• [Exercise data]
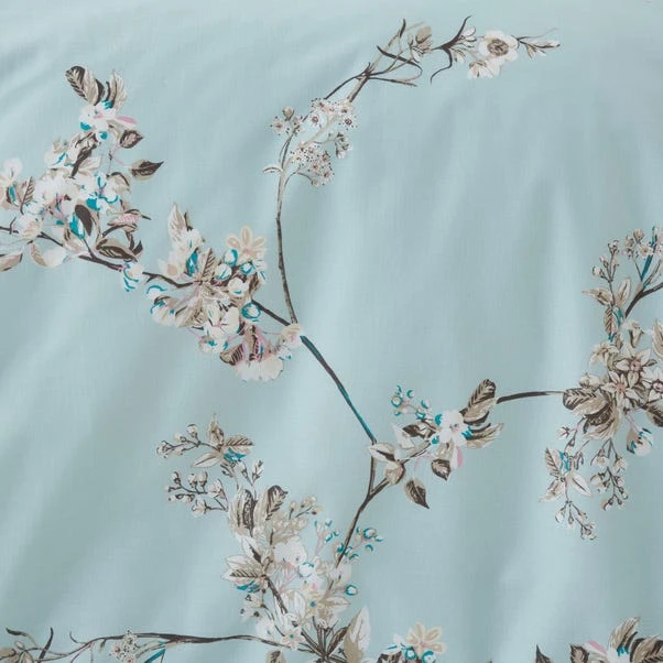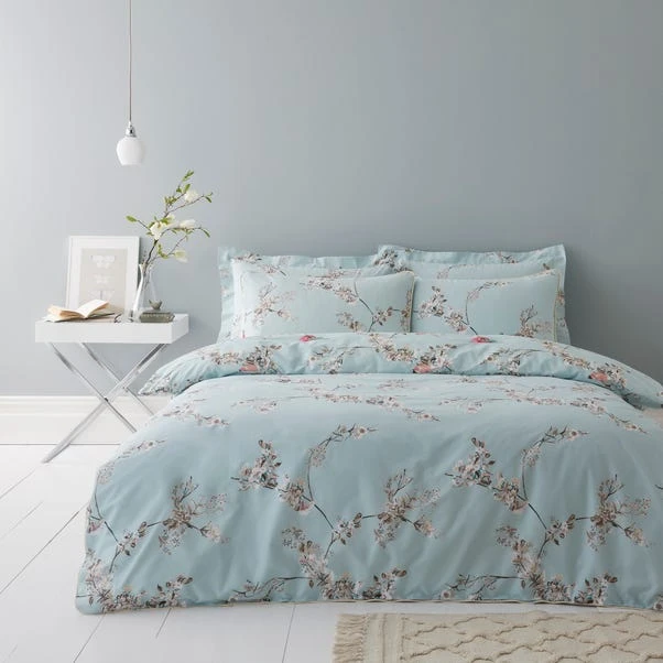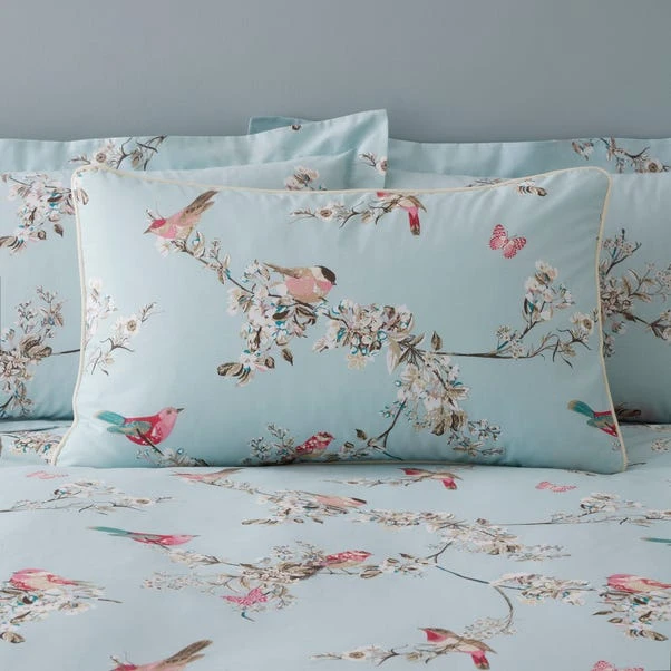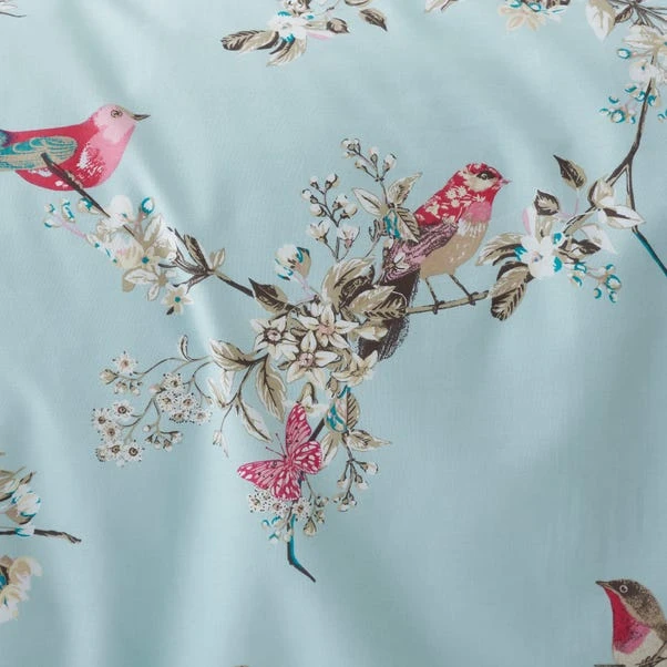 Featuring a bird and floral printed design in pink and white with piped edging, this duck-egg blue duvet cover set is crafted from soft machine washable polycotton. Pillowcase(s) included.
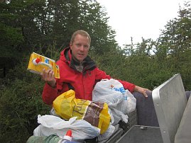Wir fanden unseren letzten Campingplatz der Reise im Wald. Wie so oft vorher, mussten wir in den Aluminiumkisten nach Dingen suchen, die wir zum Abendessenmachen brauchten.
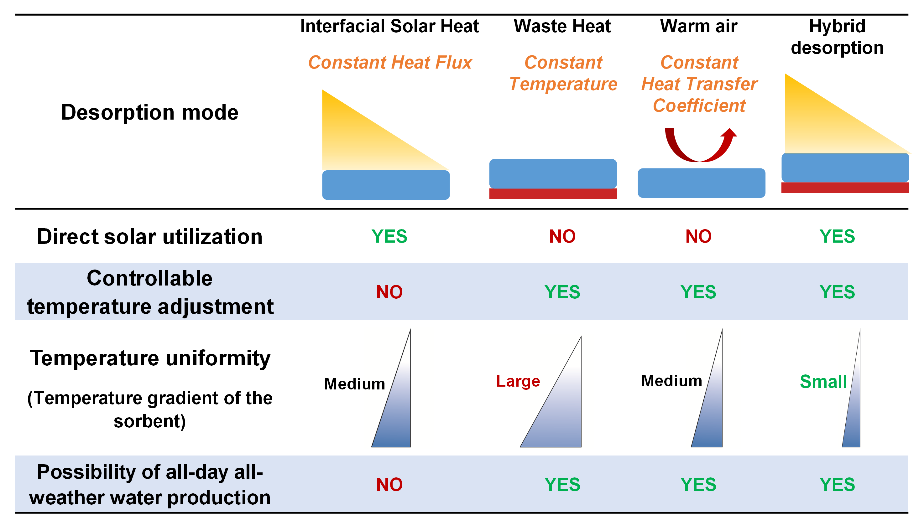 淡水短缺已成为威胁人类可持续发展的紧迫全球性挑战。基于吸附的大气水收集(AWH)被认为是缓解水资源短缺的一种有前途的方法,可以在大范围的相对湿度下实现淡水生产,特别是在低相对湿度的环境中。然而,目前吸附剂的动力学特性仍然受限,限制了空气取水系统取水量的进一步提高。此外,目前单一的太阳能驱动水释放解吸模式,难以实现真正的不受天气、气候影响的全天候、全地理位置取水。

• [What is required] Repeat the lines above, starting at the first and stopping after the line that holds "Wir fanden unseren", with the pictures left out.

• [Task result]
 Featuring a bird and floral printed design in pink and white with piped edging, this duck-egg blue duvet cover set is crafted from soft machine washable polycotton. Pillowcase(s) included.
Wir fanden unseren letzten Campingplatz der Reise im Wald. Wie so oft vorher, mussten wir in den Aluminiumkisten nach Dingen suchen, die wir zum Abendessenmachen brauchten.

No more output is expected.